Stress is now added to his pain, because he tells me he knows he will never find the funds. It seems user fees have been sneaked in through the back door. This is the IMF at work!
The IMF wants us to focus on export production and not a diversified domestic economy. About 80 per cent of all malnourished children in the developing world live in countries where the farmers have been forced to shift from food production for local consumption to the production of export crops required by wealthy countries. The IMF is not keen on assisting domestic industries.
I wonder if there are small businesses and farmers who are finding it increasingly difficult to compete? That problem would have IMF stamped all over it. The IMF forced Haiti to open its market to imported, highly subsidised US rice, while preventing that country from subsidising its own farmers. The result is that a US corporation called Early Rice now supplies about 50 per cent of the rice Haitians consume.
For the IMF supporters that remain, may I point them to some other countries that resorted to IMF ‘assistance’. Mexico, South Korea, Thailand, Indonesia, Brazil, and Russia. In Asia, IMF involvement resulted in the crisis deepening and spreading to more countries. By the time they were through with Mexico, the number of Mexicans living in extreme poverty had increased by more than 50 per cent and the national average minimum wage fell by 20 per cent.
Could it be that the IMF has a different, more workable plan for Jamaica? Are the layoffs, closures, devaluations, rising unemployment, resumption of ‘user fees’ and crime the unseen hand of some other wicked agency?
Since no one else will tell us, maybe EPOC could explain where in all of this is a plan for growth. It is universally understood that only growth can extricate us from the grip of global gangsters like the IMF, WTO and the World Bank. We need to understand how, in the face of all that is inimical to growth, can growth take place.
‘sweetie money’
It seems to me that our best bet is for the IMF – if it really wants to help – to pay off our debts and provide us with a moratorium for 10 years before repayment – even at a higher interest rate – to it. During this time, with close monitoring, we could invest heavily in health care, education, training, research and development, and infrastructure development.
The needs of poor countries are ‘sweetie money’ compared to the enormous resources the IMF has on hand. Such a strategy is not likely to make a noticeable dent in their resources.
There can be no doubt that our present precarious position is a result of our own profligacy and corruption. But should persistent poverty be the patrimony for posterity? The poor, inept and corrupt management of our resources has placed us in a position where we are being recolonised by the wealthy nations which have created agencies like the IMF to facilitate this process.

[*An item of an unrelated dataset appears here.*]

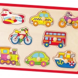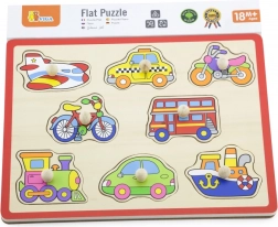 The puzzle supports vocabulary building, as well as learning colors and shapes, while teaching children to recognize common vehicles. Smooth edges and safe workmanship are ideal for small hands. Practical packaging (approx. 30 × 27 × 1 cm) makes storage and transport easy.
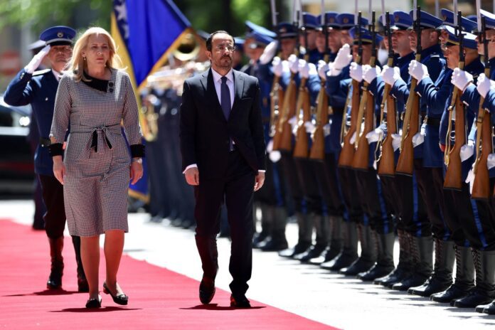 Srpski član i predsjedavajuća Predsjedništva BiH Željka Cvijanović dočekala je danas u Sarajevu predsjednika Kipra Nikosa Hristodulidesa, koji je stigao u zvaničnu posjetu BiH.

The real role of the IMF is to ensure that debts are repaid and resources are produced cheaply for the wealthy nations. Agencies like the IMF, WTO and the World Bank send us representatives schooled in diplomacy but they are no less ruthless than the captains of those boats that took us through the Middle Passage.
The developmental model proposed by the IMF is fundamentally flawed. It recommends a one-size-fits-all fiscal tightening. It ensures debt repayment by demanding spending cuts on areas critical for development like education, health, basic food, and transportation subsidies, increasing poverty and reducing our ability to develop vibrant domestic economies.
The IMF knows these strategies will not work for us, if for no other reason than the fact that this was not the path followed historically by the countries they serve. The real solutions will not come from these global loan sharks beholden to wealthy countries and Wall Street. We must save ourselves.